Why Severn Trent set up an ADR program

John Crosse, head of IR at UK water utility Severn Trent, says a sponsored program should help edge up its North American holdings

Last month, Severn Trent, the FTSE 100 water utility, set up a sponsored American depositary receipt (ADR) program to supplement its North American IR program. Here, head of IR John Crosse talks through the thinking behind the move.

You recently came back from a US roadshow. How did it go?

We started off in Boston and New York, and ended up in San Francisco. There was a lot of traveling involved, but we also managed to hit a lot of investors over there. I think we achieved our goal, which was to keep the relationship going with existing holders but also to target some new faces.

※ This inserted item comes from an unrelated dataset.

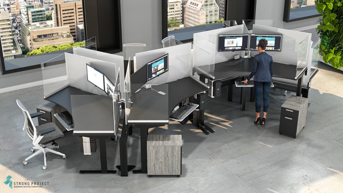 • 24”H Desktop-mounted acrylic screens travel with the height-adjustable desktop providing constant shielding if someone were to cough or sneeze at their desk.
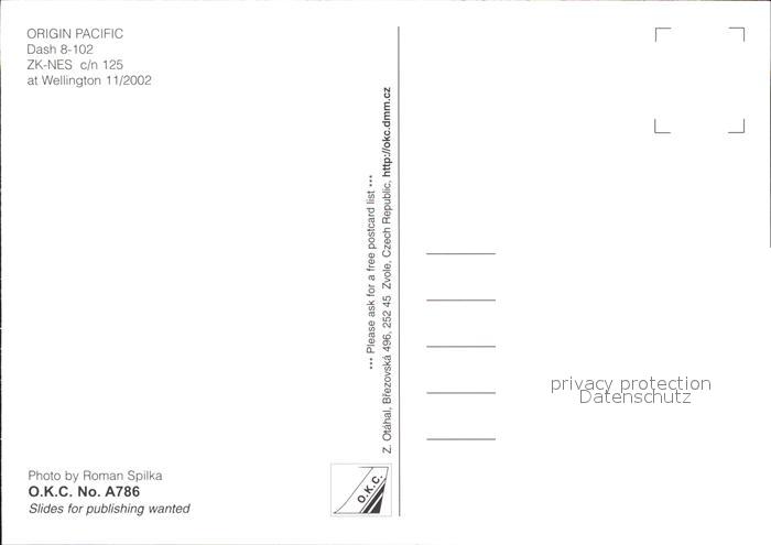 Flugzeuge Zivil Origin Pacific Dash 8-102 ZK-NES c/n 125 postalisch nicht gelaufen Erhaltung siehe scans

We normally go around twice a year [with management]. In between [those trips], I tend to go on IR-only trips, so we probably do at least four roadshows a year over there.

What proportion of your shareholders is in the US?

It’s growing. If you turn the clock back three and a half, four years, we didn’t really have any North American IR program at all and as a consequence our North American shareholding went down to about 6 percent.

We’re a Midlands-based utility, so we are going to be relatively UK-focused. But we’re still a FSTE 100 company and, compared with the average for a FTSE 100 firm, 6 percent was frankly pathetic.

It was one of our strategic goals to have a higher weighting from North America, so we decided to go through a targeting program and work out what we needed to do, and then run it for two or three years and see where we ended up.

Why did you launch an ADR program?

At the moment, we’ve brought our North American holding up to 14 percent, and the ADR really is like a cherry on the top. It’s probably not going to fundamentally accelerate that growth – we’re not going to suddenly go from 14 percent to 20 percent because we’ve got the ADR – but what it may do is add an incremental 2 percent or 3 percent on top, which moves us toward our target of having something around 18 percent or 20 percent.

Where will the additional holdings come from?

When we were going round the US, the people we were speaking to were guys who had a mandate to invest in international equities, but clearly the vast majority of money that’s managed in North America – and particularly in the US – is invested in dollar-denominated stocks.

As we were going round talking to these guys, we got the sense that, for some of their colleagues, we might have an interesting story, but they wouldn’t bother meeting us because their mandate was to invest in dollar-denominated stocks.

There wasn’t an overwhelming tidal wave of people who were desperate to invest… but, on the margins, some people would be interested if we had an ADR program.

Did you already have an unsponsored program?

We had an unsponsored program but, clearly, people feel more comfortable buying into an ADR program if it is sponsored and there is some involvement from the company. They obviously feel on the back of that they’ll get the investor relations commitment and they’ll be able to meet the company and see management, and so on.